I decided I was meant to be alone after my girlfriend and I split up. I had a one night stand between our split and meeting my husband. I’m told he was a good guy, genuinely interested in me, and would have made a good partner, but I didn’t give him the chance. I didn’t mean to give my husband a chance neither, he kinda snuck up on me, and I gave him a hell of a ride, that not many would have persevered. But he did.
There’s an eternal darkness within a damaged mind, no amount of time will ever eradicate. It takes a strong soul to see passed this, and love the distant light within.
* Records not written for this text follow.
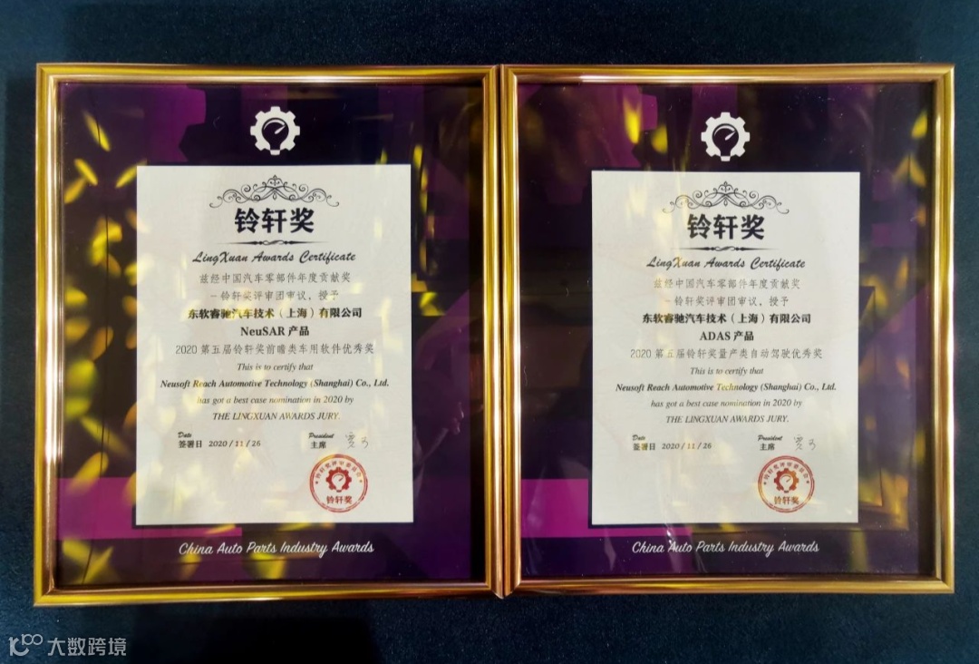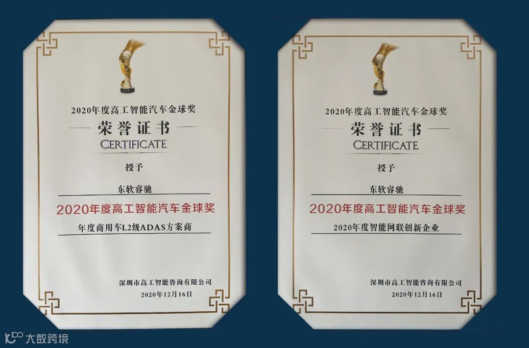 12月17日,东软睿驰再添高工智能汽车“年度商用车L2级ADAS方案商”和“2020年度智能网联创新企业”两项金球奖殊荣。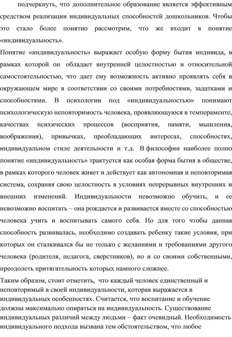 Зачастую дополнительное образование рассматривают только как некий придаток к основному образованию, выполняющему функцию расширения возможностей образовательных стандартов. Однако это узкое понимание дополнительного образования, т.к. не учитывается его основное предназначение: удовлетворять постоянно изменяющиеся индивидуальные социокультурные и образовательные потребности детей. Дополнительное образование можно отнести к сферам наибольшего благоприятствования для развития личности каждого ребенка, так как оно ориентировано на: раскрытие ценностно-смысловых компонентов мира и развитие самодеятельности детей; на раскрытие личностных интересов и склонностей; на построение пространства саморазвития, на индивидуализацию, воспитание свободной, самобытной личности; на поливозрастное образование, личностные нормы, обеспечивающие индивидуальные траектории развития. В дополнительном образовании ребенок получает возможность развивать себя как индивидуальность и вместе с тем осваивать богатства культурного опыта. Предмет или сфера деятельности в дополнительном образовании «приближается» к ребенку. Ему дают возможность определить собственный образовательный путь, что по сути дела означает, что педагог, приглашая ребенка включиться в ту или иную деятельность, обеспечивает ему условия реализации собственных интересов, развитие его индивидуальных способностей, которые отличаются от интересов и способностей его товарищей. Таким образом, можно подчеркнуть, что дополнительное образование является эффективным средством реализации индивидуальных способностей дошкольников. Чтобы это стало более понятно рассмотрим, что же входит в понятие «индивидуальность».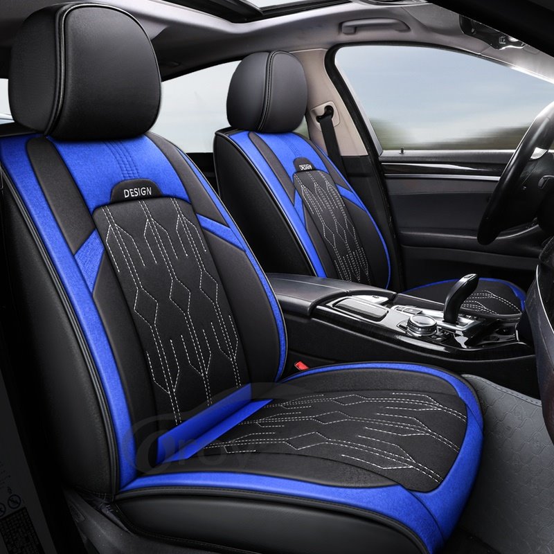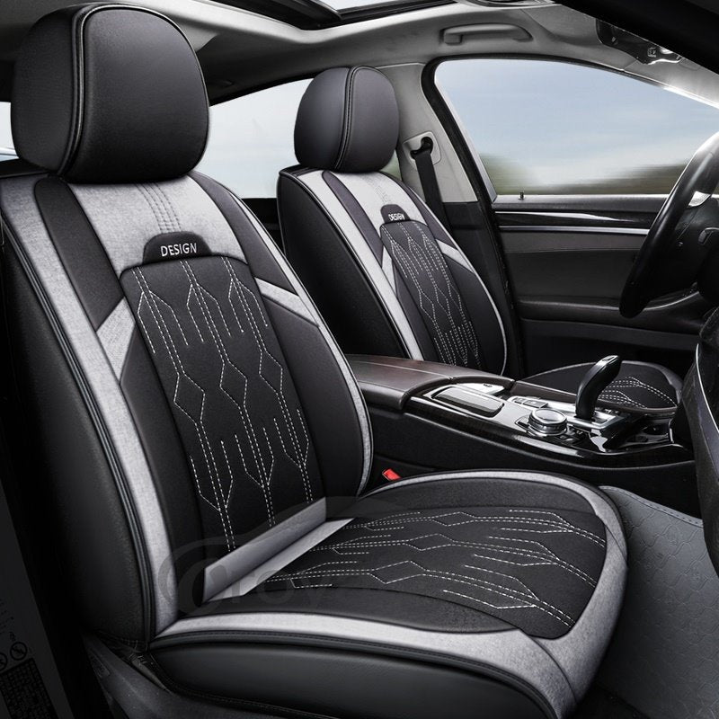 2 Headrests 5 Seats Universal Fit Seat Covers Wear Resistant Leather Skin Friendly Comfort Breathable Fabric Full Coverage Soft Wear-Resistant Durable Airbag Compatible 5-Seater Universal Fit Seat Covers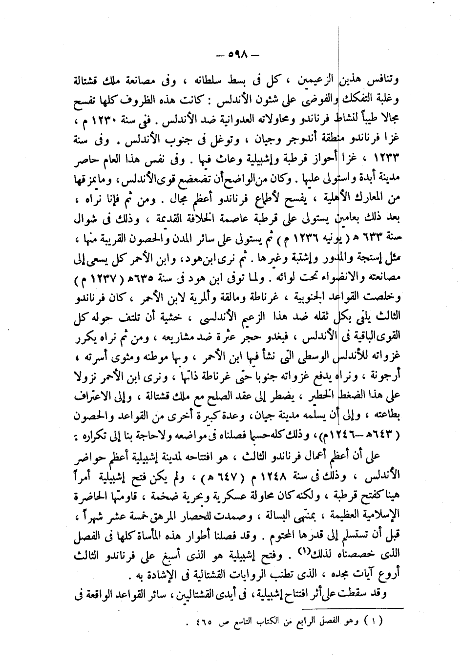 وتنافس هذين الزعيمين، كل في بسط سلطانه، وفي مصانعة ملك قشتالة وغلبة التفكك والفوضى على شئون الأندلس: كانت هذه الظروف كلها تفسح مجالاً طيباً لنشاط فرناندو ومحاولاته العدوانية ضد الأندلس. ففي سنة 1230 م، غزا فرناندو منطقة أندوجر وجيان، وتوغل في جنوب الأندلس. وفي سنة 1233، غزا أحواز قرطبة وإشبيلية وعاث فيها. وفي نفس هذا العام حاصر مدينة أبدة واستولى عليها. وكان من الواضح أن تضعضع قوي الأندلس، وما يمزقها من المعارك الأهلية، يفسح لأطماع فرناندو أعظم مجال. ومن ثم فإنا نراه، بعد ذلك بعامين يستولي على قرطبة عاصمة الخلافة القديمة، وذلك في شوال سنة 633 هـ (يونيه 1236 م) ثم يستولي على سائر المدن والحصون القريبة منها، مثل إستجة والمدور وإشتبة وغيرها. ثم نرى ابن هود، وابن الأحمر كل يسعى إلى مصانعته والانضواء تحت لوائه. ولما توفي ابن هود في سنة 635 هـ (1237 م) وخلصت القواعد الجنوبية، غرناطة ومالقة وألمرية لابن الأحمر، كان فرناندو الثالث يلقى بكل ثقله ضد هذا الزعيم الأندلسي، خشية أن تلتف حوله كل القوي الباقية في الأندلس، فيغدو حجر عثرة ضد مشاريعه، ومن ثم نراه يكرر غزواته للأندلس الوسطى التي نشأ فيها ابن الأحمر، وبها موطنه ومثوى أسرته، أرجونة، ونراه يدفع غزواته جنوبا حتى غرناطة ذاتها، ونرى ابن الأحمر نزولا على هذا الضغط الخطير، يضطر إلى عقد الصلح مع ملك قشتالة، وإلى الاعتراف بطاعته، وإلى أن يسلمه مدينة جيان، وعدة كبيرة أخرى من القواعد والحصون (643 هـ - 1246 م)، وذلك كله حسبما فصلناه في مواضعه ولا حاجة بنا إلى تكراره. على أن أعظم أعمال فرناندو الثالث، هو افتتاحه لمدينة إشبيلية أعظم حواضر الأندلس، وذلك في سنة 1248 م (646 هـ)، ولم يكن فتح إشبيلية أمراً هيناً كفتح قرطبة، ولكنه كان محاولة عسكرية وبحرية ضخمة، قاومتها الحاضرة الإسلامية العظيمة، بمنتهى البسالة، وصمدت للحصار المرهق خمسة عشر شهراً، قبل أن تستسلم إلى قدرها المحتوم. وقد فصلنا أطوار هذه المأساة كلها في الفصل الذي خصصناه لذلك (¬1). وفتح إشبيلية هو الذي أسبغ على فرناندو الثالث أروع آيات مجده، الذي تطنب الروايات القشتالية في الإشادة به.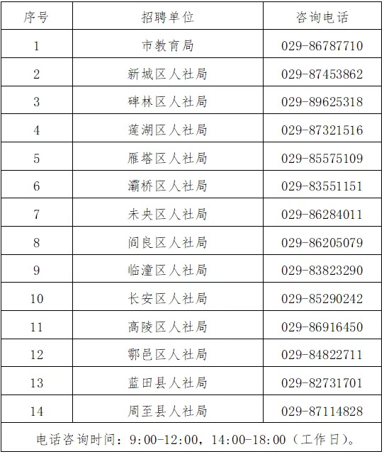 招聘岗位表及考试大纲具体可登录西安市人社局门户网站或西安人事考试网查阅招聘公告。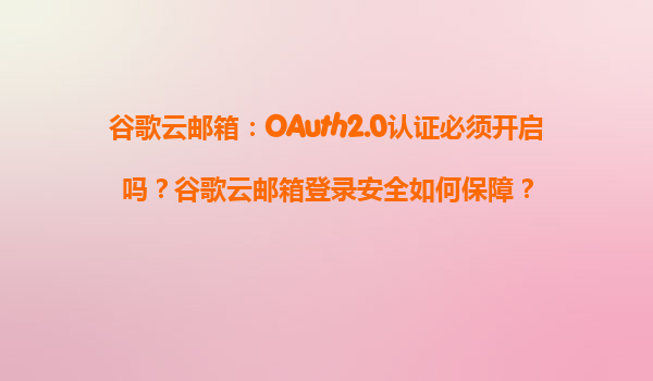 2025-04-03谷歌云郵箱:OAuth2.0認(rèn)證的必要性與安全機(jī)制解析 一、OAuth2.0認(rèn)證是否必須開啟? OAuth2.0作為現(xiàn)代身份驗(yàn)證的核心協(xié)議,在谷歌云郵箱中扮演關(guān)鍵角色。雖然谷歌并未強(qiáng)制要求所有場景必須開啟O...
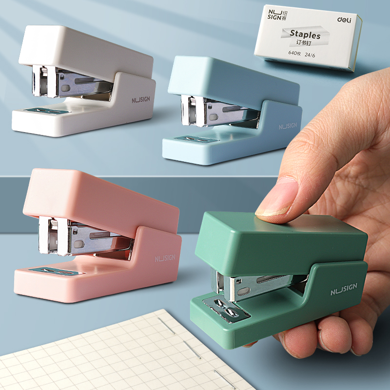 Deli stapler mini small set multi-function portable stapler student with cartoon cute large stapler female girl heart office labor saving book set machine minimum booking No. 12 stationery needle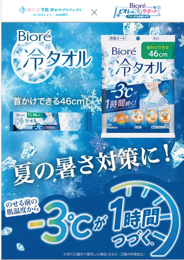 具体的には、肌にのせる前の肌温度からマイナス3℃の状態が1時間続くという『ビオレ 冷タオル』の個装販売を実施。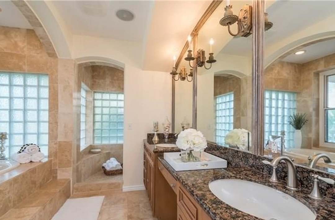 Double VanityWalk In ShowerBuilt In TubLarge MirrorStatement LightingCrown MoldingArched DoorwaysHigh CeilingsFloor To Ceiling WindowsRecessed LightingCustom Millwork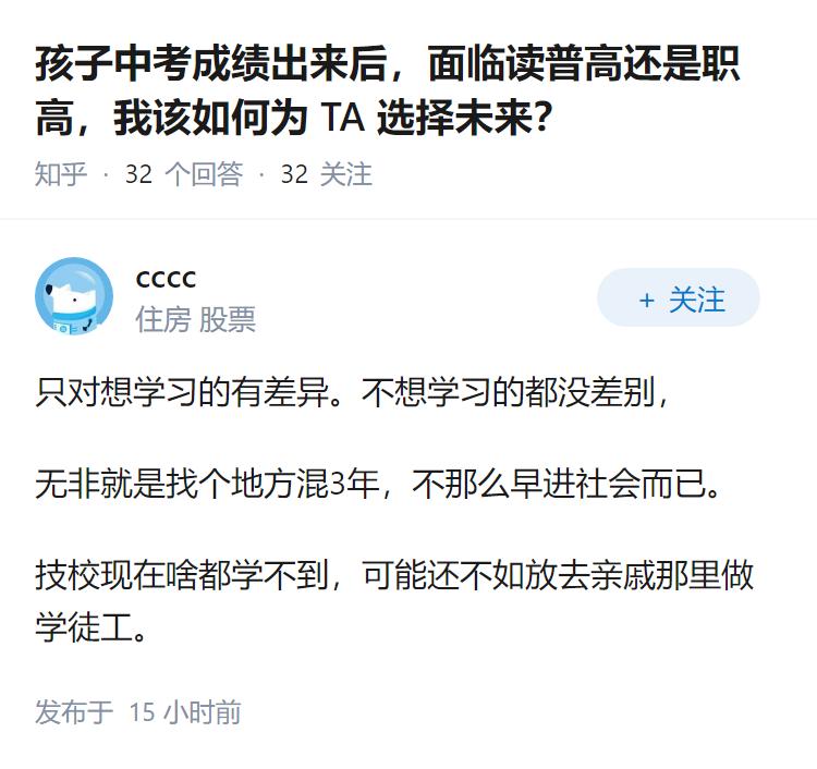 孩子中考成绩出来后,面临读普高还是职高,我该如何为 TA 选择未来?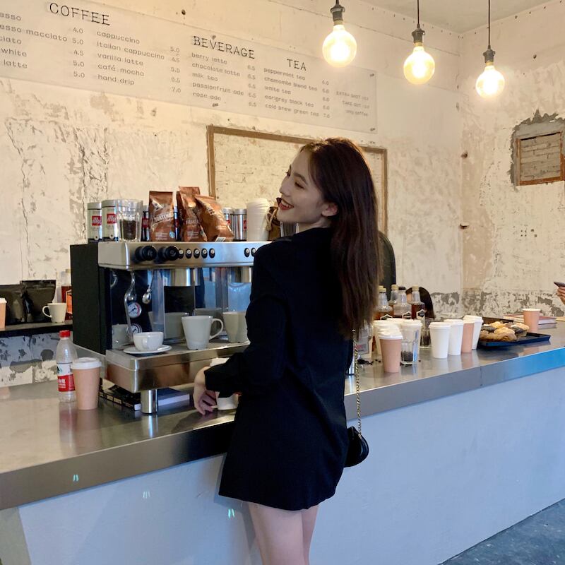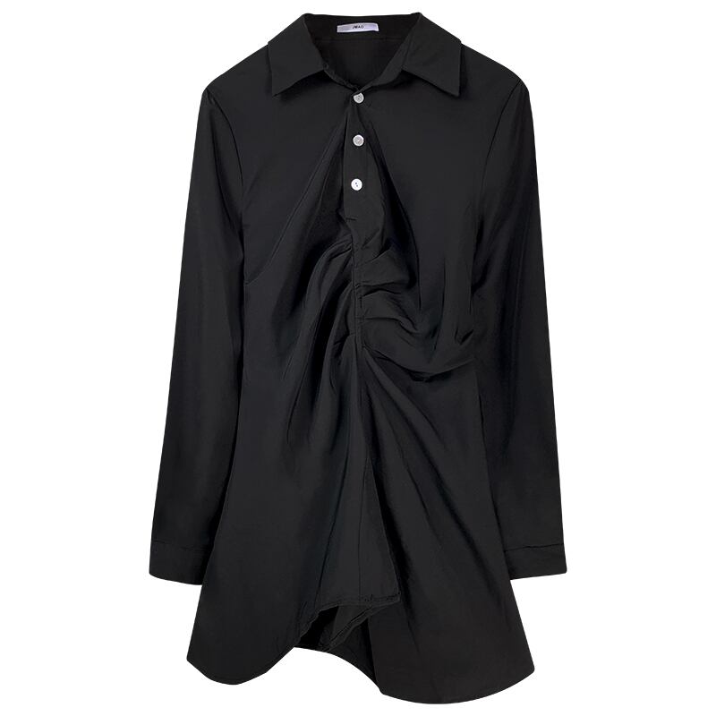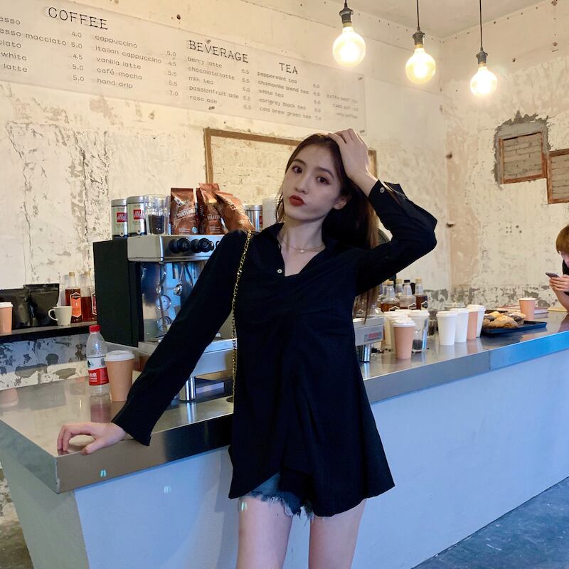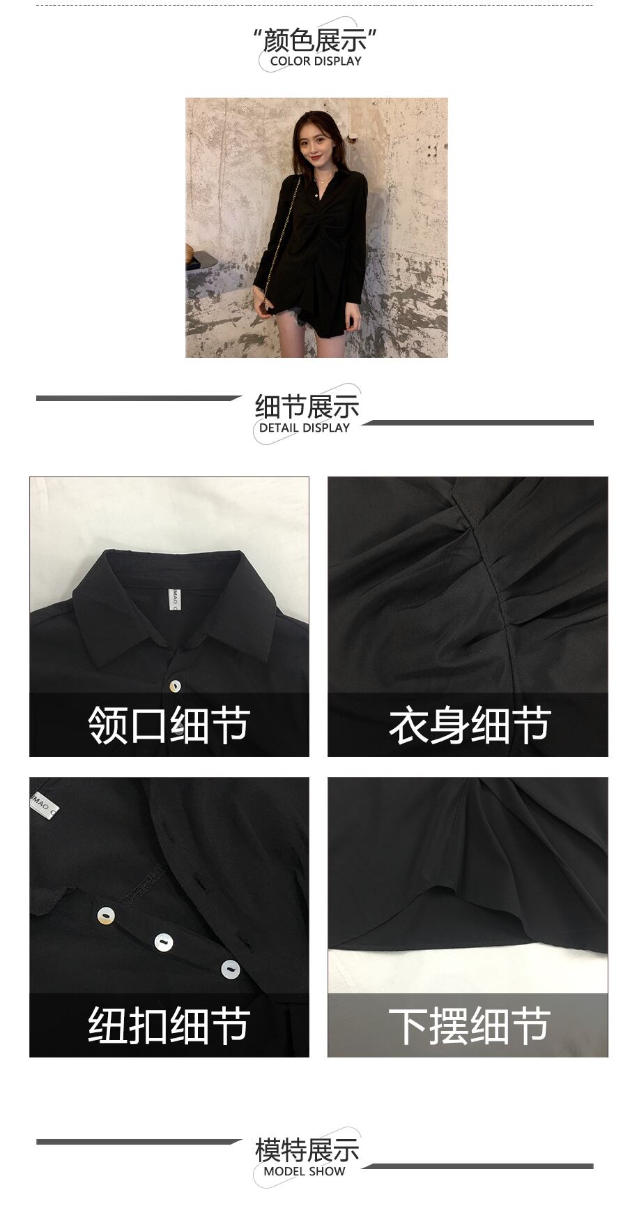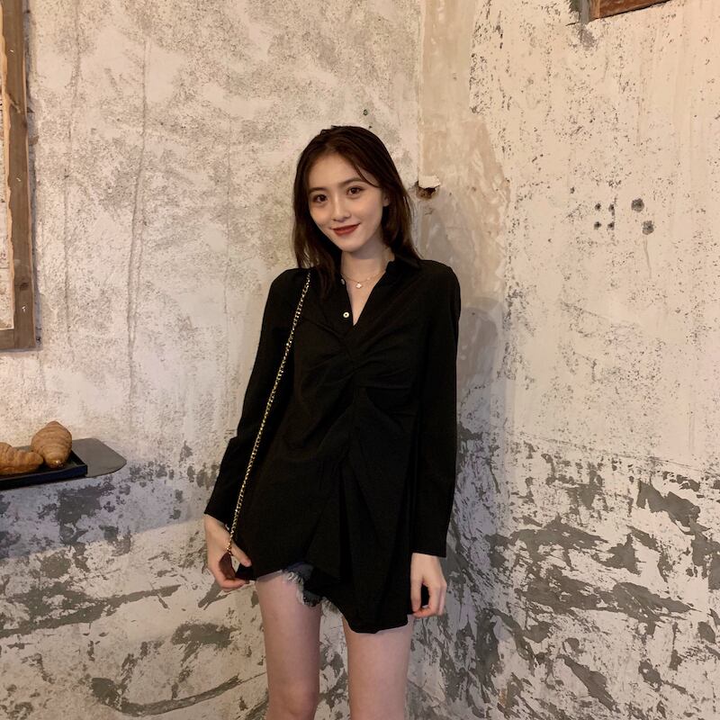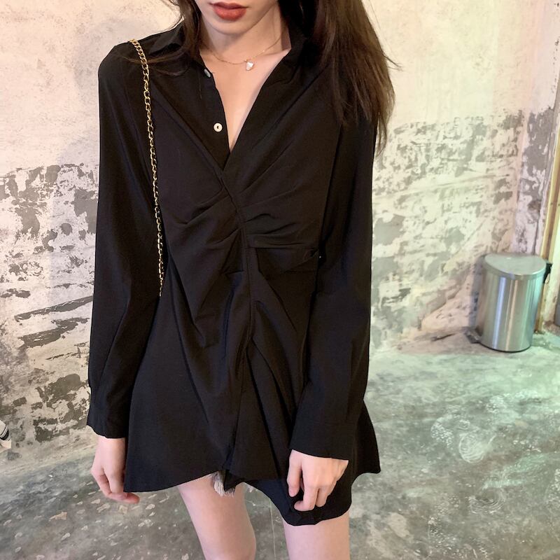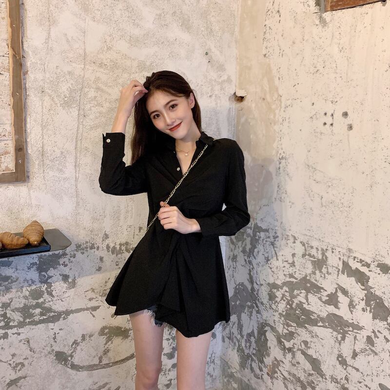 フレンチレトロニッチデザインセンス長袖イレギュラーシャツ黒ドレスウエストスリミングショートスカート女性 1号婦人75764202132

How has this affected me today? Well clearly not at all 😂 I didn’t have to drink half a bottle of whiskey to tell ya’ll my stories, or wait for my husband to be traveling so I could count deep breaths as I try and sleep tonight. I didn’t wait for my babies to go to bed, to shield them from the demons I face periodically, or stare at a blank screen for hours in searching for words I didn’t know how to form.
They say reliving yesterday holds you back from today, forget yesterday for it has forgotten you, digging up the past muddy’s up your future, forgive and forget etc. I don’t believe any of this crap. I embrace my past as my greatest triumph, sure it’s hard to openly discuss, though I infrequently toast a solitary night to a glass of whiskey and memories that burn, for the purpose of reminding myself, I’m a survivor.
My experiences have made me an attentive mother, they have made me a brutally honest mother. To some, this is a fault, though for my family it is right. My oldest daughter has read my second book, the most difficult moment for me as a mother was to honestly tell her, “I don’t know, but I hope not.” When she asked if I was going to hell for having an abortion. I can try to atone for my sins throughout my life, but the reality is, until I see my Father and hear His final judgement, there is no certainty.
I forgive the actions of the men in my life. I have recently been involved in a court case with one of my childhood molesters. I struggled with guilt when first made aware, thinking had I told someone, pressed charges, etc. Then I reminded myself there’s no such thing as what might have been, and I will not start believing in such nonsense. There is only what you choose to do today, where you go from here, and what you’ve absorbed from a lesson. I will always be an advocate for the abused, a voice for the silent, and an ear for the damaged. This was my defining moment, would I allow my words to slip from my lips as an empty promise, or would I ensure they mattered, despite a lifelong secret, despite the uncomfortable nature, despite the complexity. No my friends, I’ve carried secrets for a lifetime, lived in deafening silence for too long, someone must decide to break the wheel, I’m not much of a leader, but if no one else will lead, I reckon I’ve got this shit.
The Whiskey & Me
I’m a quiet drinker, not like when I was young.
It’s when my words run dry, whiskey finds my tongue.
I’m lost inside my mind, in words that won’t come out.
I wash the chaos down, that makes me want to shout.
I don’t need a heavy mixer, a chaser I will pass.
All that I’m in need of, the whiskey and a glass.
I am not a smoker, but one may find my lips.
There is no calmer feeling, than a drag between my sips.
Please don’t try and join me, that seat is not for you.
Sitting right beside me, are things that I’ve been through.
Tonight’s my night to face them, just the whiskey and me.
This moment’s not for strength, it’s my thoughts I have to free.
The whiskey will warm, while the memories burn.
The feeling will soothe, while emotions will turn.
I relive my memories, I won’t let them go black.
It’s ignoring a past, that makes sane people crack.
I remember my struggle, to remind me, I’m strong.
And when this is over, I’ll write about wrong.
I’m not much of a drinker, unless I must think.
And when I am quiet, it’s the whiskey I drink.